- Task description
Below is a listing. Return the lines from the one that contains "따라서 top.php 파일의" to the one that contains "บริษัท ฮุนได มอเตอร์", both ends included, verbatim and with no pictures.

- Given records
::::::::::
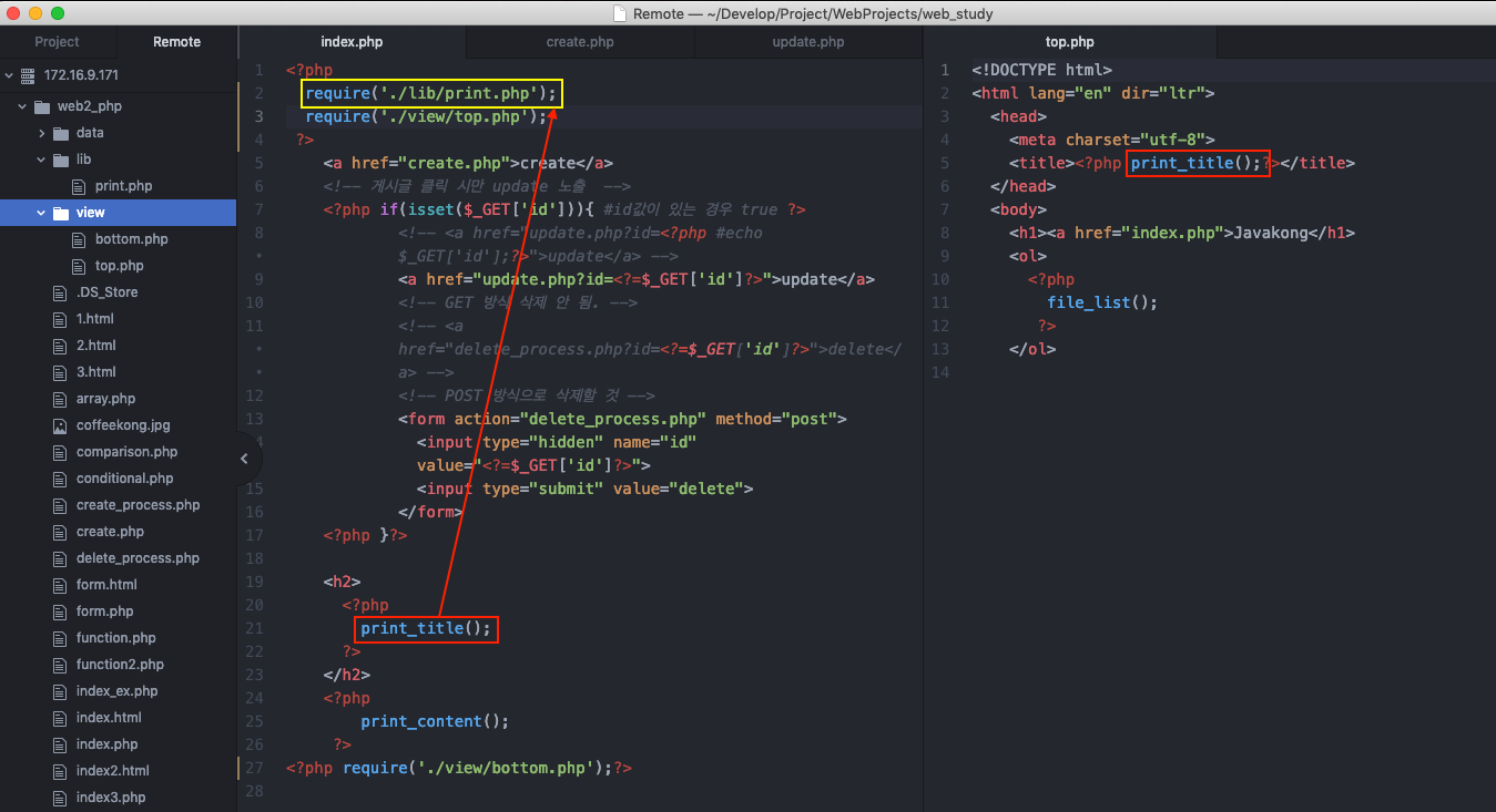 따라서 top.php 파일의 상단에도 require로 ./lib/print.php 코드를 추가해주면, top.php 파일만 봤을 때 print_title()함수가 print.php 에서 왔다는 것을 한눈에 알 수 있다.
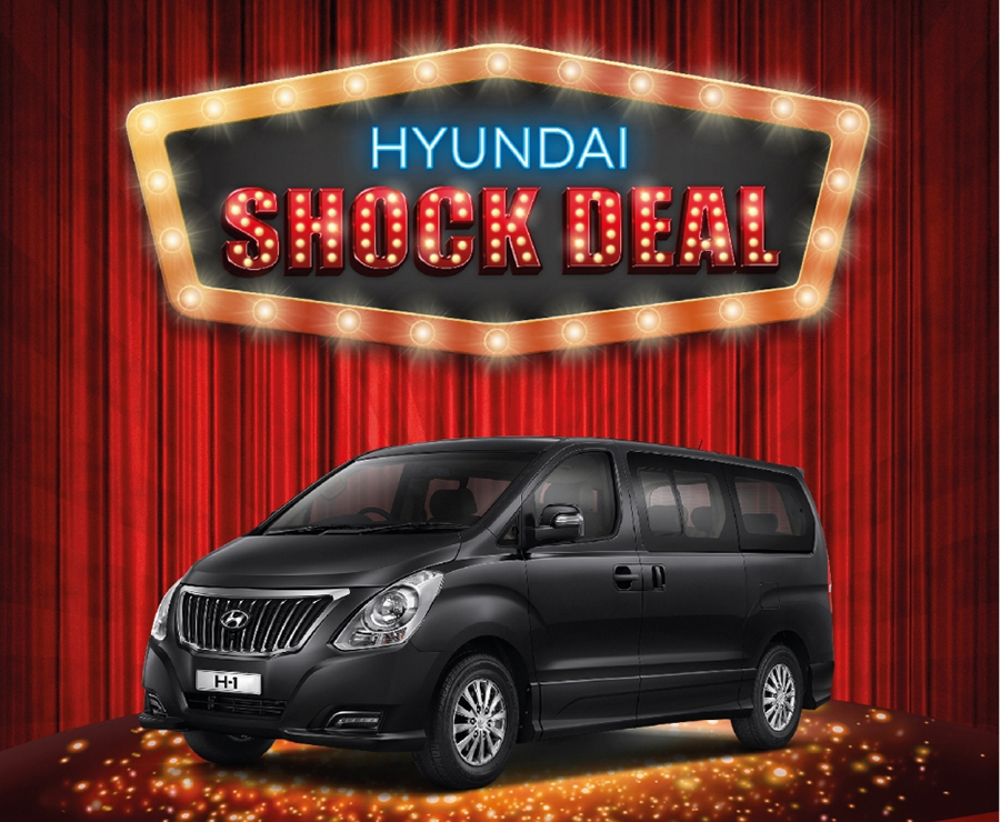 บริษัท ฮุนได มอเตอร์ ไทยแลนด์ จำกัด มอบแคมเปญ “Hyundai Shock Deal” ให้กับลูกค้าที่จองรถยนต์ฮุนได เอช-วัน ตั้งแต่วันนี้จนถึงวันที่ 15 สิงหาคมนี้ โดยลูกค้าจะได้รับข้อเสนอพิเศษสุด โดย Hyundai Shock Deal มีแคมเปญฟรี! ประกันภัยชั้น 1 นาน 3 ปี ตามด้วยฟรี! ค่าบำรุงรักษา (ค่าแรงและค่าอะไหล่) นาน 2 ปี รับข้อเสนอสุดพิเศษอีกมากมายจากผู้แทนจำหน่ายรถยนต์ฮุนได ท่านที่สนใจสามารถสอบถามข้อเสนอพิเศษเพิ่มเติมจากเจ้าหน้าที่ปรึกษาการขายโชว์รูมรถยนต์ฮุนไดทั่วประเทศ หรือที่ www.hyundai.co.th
::::::::::
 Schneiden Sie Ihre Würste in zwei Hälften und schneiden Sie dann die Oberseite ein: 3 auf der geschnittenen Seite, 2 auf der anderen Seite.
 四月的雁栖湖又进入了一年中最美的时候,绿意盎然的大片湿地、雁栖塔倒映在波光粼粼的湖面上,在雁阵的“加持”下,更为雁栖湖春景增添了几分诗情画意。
::::::::::
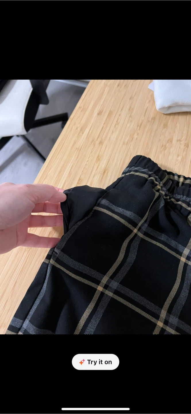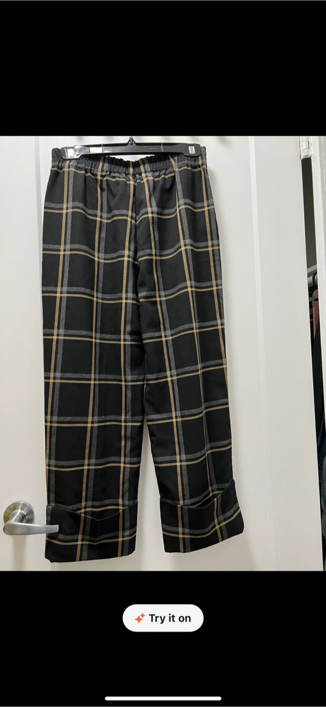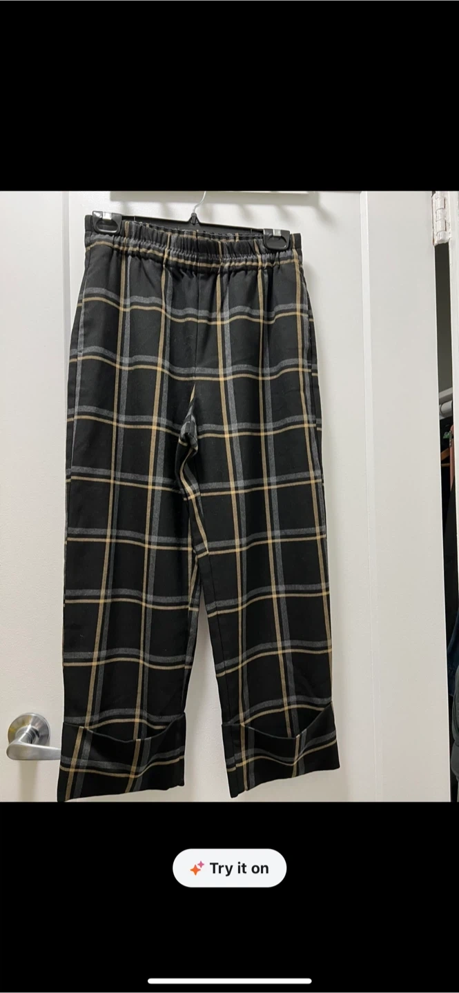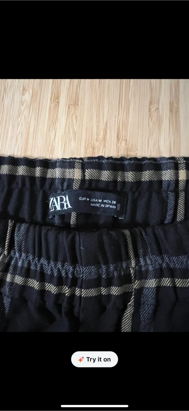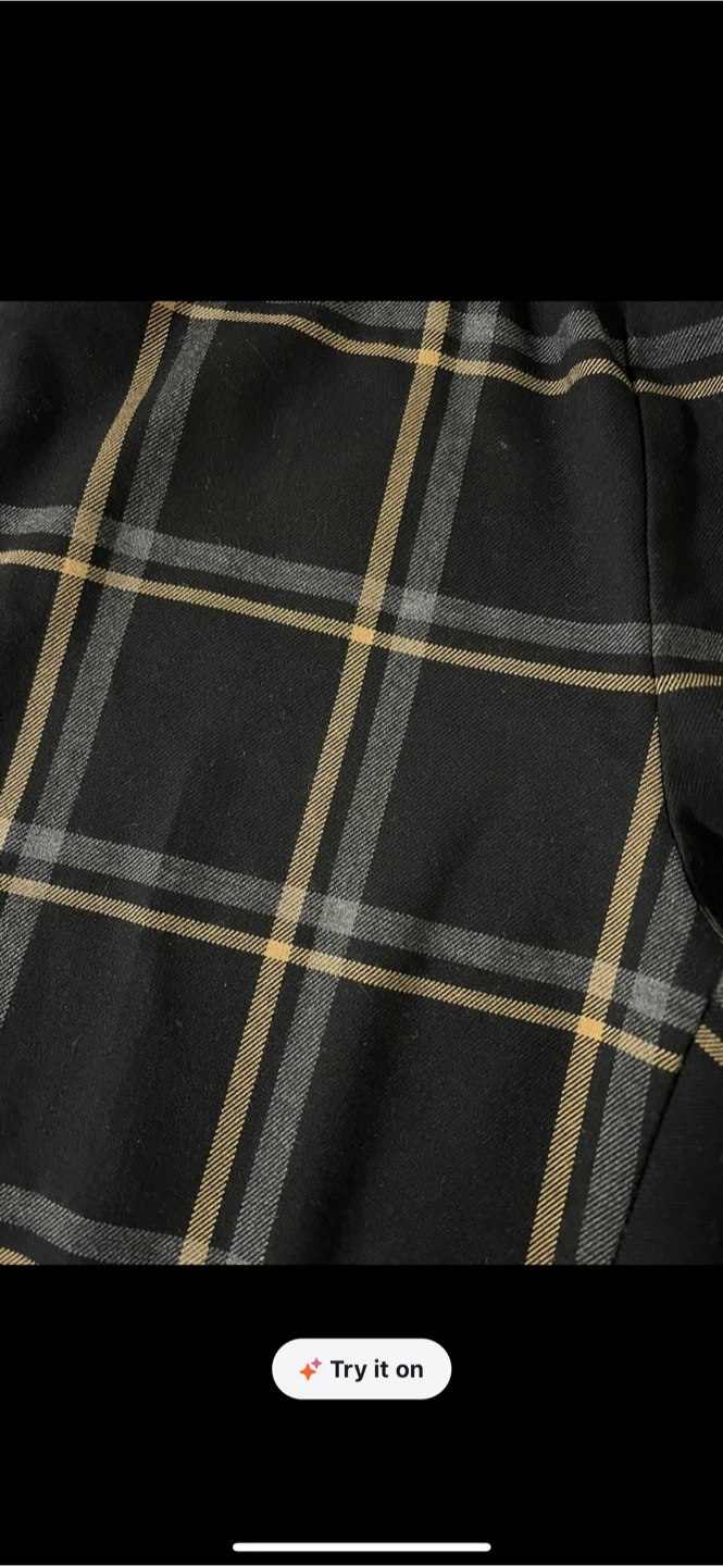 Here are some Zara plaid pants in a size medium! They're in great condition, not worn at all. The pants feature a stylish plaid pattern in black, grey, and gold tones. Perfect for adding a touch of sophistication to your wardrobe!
::::::::::
- Solution to this task
 따라서 top.php 파일의 상단에도 require로 ./lib/print.php 코드를 추가해주면, top.php 파일만 봤을 때 print_title()함수가 print.php 에서 왔다는 것을 한눈에 알 수 있다.
 บริษัท ฮุนได มอเตอร์ ไทยแลนด์ จำกัด มอบแคมเปญ “Hyundai Shock Deal” ให้กับลูกค้าที่จองรถยนต์ฮุนได เอช-วัน ตั้งแต่วันนี้จนถึงวันที่ 15 สิงหาคมนี้ โดยลูกค้าจะได้รับข้อเสนอพิเศษสุด โดย Hyundai Shock Deal มีแคมเปญฟรี! ประกันภัยชั้น 1 นาน 3 ปี ตามด้วยฟรี! ค่าบำรุงรักษา (ค่าแรงและค่าอะไหล่) นาน 2 ปี รับข้อเสนอสุดพิเศษอีกมากมายจากผู้แทนจำหน่ายรถยนต์ฮุนได ท่านที่สนใจสามารถสอบถามข้อเสนอพิเศษเพิ่มเติมจากเจ้าหน้าที่ปรึกษาการขายโชว์รูมรถยนต์ฮุนไดทั่วประเทศ หรือที่ www.hyundai.co.th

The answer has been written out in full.